Companies that want to list their stocks on the NASDAQ need to meet a pretty long list of continuing requirements. Just to name a few of them, listed companies are required to:
- Maintain a share price over $1.00
- Maintain a $1 million valuation for all publicly held shares
- Have a minimum number of stockholders – as low as 300, but varies depending on the type of listing
- Maintain a minimum amount of stockholder's equity or minimum market value of all listed securities or produce net income above a specified minimum
- Distribute annual reports to shareholders
- Have a majority of independent directors on the company's board
- Have an audit committee consisting solely of independent directors
- Adopt a code of conduct applicable to all directors, officers, and employees
- Hold an annual meeting of shareholders
- Disclose all "material news" – defined as information that would reasonably be expected to affect the stock's value or influence investors' decisions
- Pay annual listing fees, which range from $32,000 to $155,000
If any of these, or any other published requirements of the NASDAQ, are not met for a period of 30 consecutive days, the exchange can start delisting procedures.
If a company is in violation of the continued listing standards for a period of 30 consecutive days, the NASDAQ sends a "deficiency notice." The most common reasons for a deficiency notice are a share price that falls below $1.00 or a market cap that falls below the stated minimum (as low as $5 million if other requirements are satisfied).
Once a deficiency notice has been sent, the company has 90 days to comply with the continued listing standards, or 180 days if the violation was for a sub-$1.00 share price. In order to be compliant, the company's share price or market cap must rise above the minimum for at least 10 consecutive days in the 90-day (or 180-day) period.
Of course, becoming compliant for violating some of the other requirements is pretty straightforward. For example, if a company receives a deficiency notice for failing to pay its listing fee, the fix is obvious -- pay the fee.
If the company fails to comply
If the conditions that triggered the deficiency notice are not met in time, the NASDAQ will then send the company a delisting letter, which must be disclosed to the public within four business days.
There is an appeal procedure that a company can use, if it feels that it doesn't deserve to be delisted or if it can regain compliance in a reasonable amount of time. Once the company receives the delisting letter, it has seven days to request a hearing with the NASDAQ listing qualification panel to present its case, which postpones the delisting process until the panel makes a decision.

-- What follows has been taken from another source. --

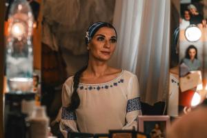 Olga Kifyak-fon-Kraimer, bailarina principal del Ballet de Kiev, se desmaquilla frente al espejo donde reposan las fotos de su padre y su hermano muertos. Aunque est? sentada, de...

Unless an appeal is filed, the company's stock is halted, and then delisted after seven days. If the appeal is rejected, the company also has the option to appeal to the SEC or in federal court. The NASDAQ gives the company an additional 15 days to do so, but begins its final delisting procedures during that time.
What happens after a company is delisted?
Keep in mind that the delisting of a company doesn't mean that the stock can't continue to trade. Delisted companies can choose to be listed on the over-the-counter (OTC) markets or on the pink sheets. There are some negative implications resulting from delisting, such as a loss of investor confidence, and potentially reduced access to capital, but it's not necessarily a death sentence. Companies can (and have) return to compliance and relist on the NASDAQ after delisting.